Hi,
I understand that Cluster and Sentinel are for different purposes. I need the benefits of Cluster but I also need an automated failover.
My set up is to have two hosts, each of which has three masters and three slaves. The slaves replicate the masters on the alternate host.
So something like this:
Host A Host B
M1 <=> S4
M2 <=> S5
M3 <=> S6
S1 <=> M4
S2 <=> M5
S3 <=> M6
I'm running more than one instance on a host because Redis is single-threaded and my hosts are multi-core.
I'm able to get systemd to automatically try to restart an instance.
If I prevent a master from being restarting then my cluster promotes its slave to master and continues letting me use it.
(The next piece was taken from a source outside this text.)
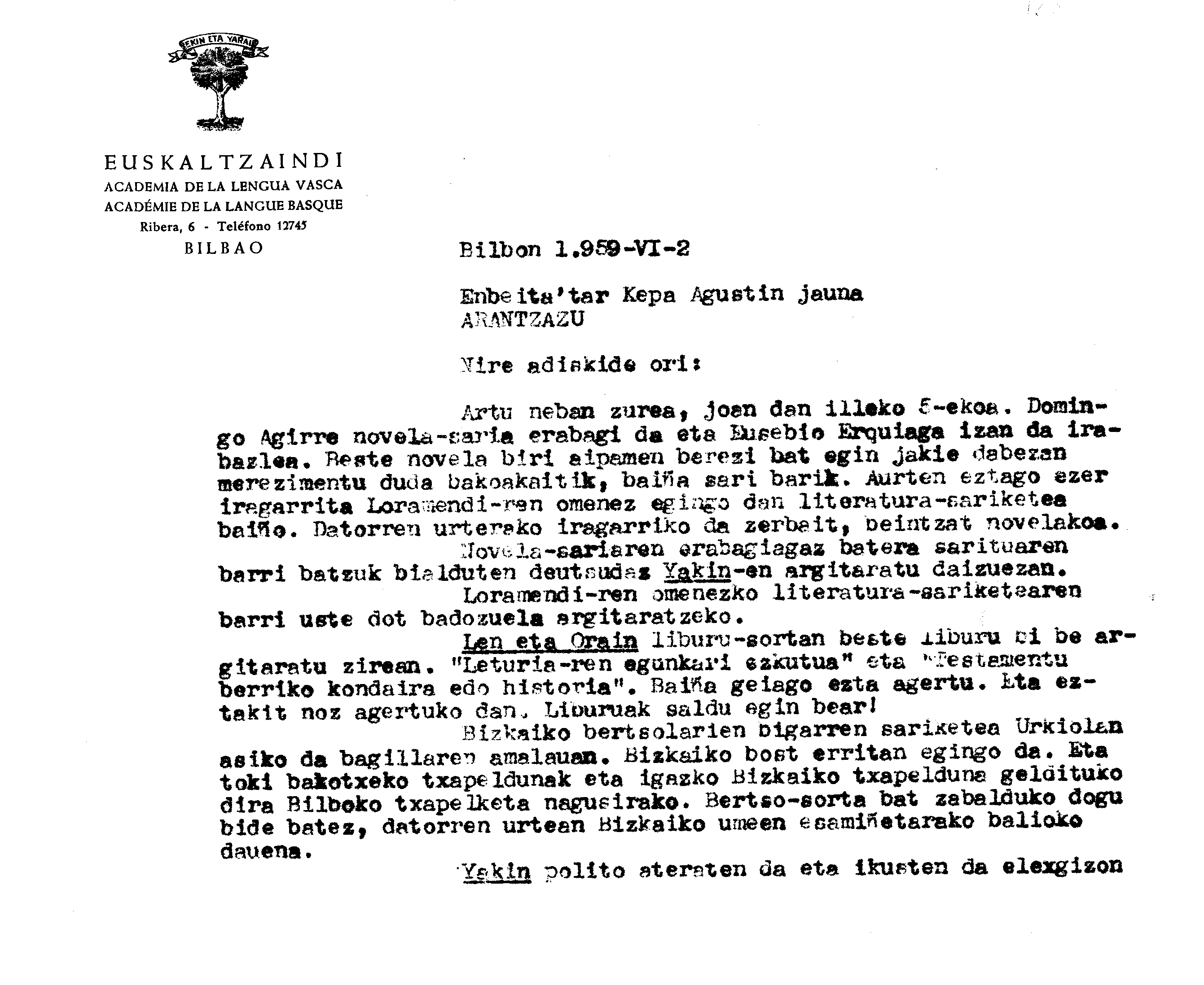 Euskaltzaindia. Gutunak:

So I have automated failover for when a master goes down and systemd can't resuscitate it.
The problem I have is that if I shutdown Host A or otherwise just disconnect it from Host B then my cluster does not failover.
The cluster can only promote slaves to master if the majority of masters agree about this.
In the event where Host A is on fire the cluster is not recognizing that the masters on it are "fail". They stay as "pfail" indefinitely.
I've tried to fix this by using Sentinel (at first just a single instance on a third VM). That machine is able to connect to the hosts with redis-cli, but Sentinel always reports in INFO that the masters have no slaves. It also insists that the masters are objectively down (I have quorum 1 because I'm testing with a single Sentinel for now), even though I have set up the 'auth-pass' and verified that I can connect from the shell with redis-cli. I can confirm that Sentinel is receiving a reply to it's PING because the last-ping-reply is significantly less than the last-ok-ping-reply (and keeps moving when I check).
How could I either:
- Get Redis to promote the slaves on a host to master if my other host is unavailable
- Get Sentinel to recognize that my cluster masters actually do have a slave, and promote it when the master is genuinely down
Any ideas would be much appreciated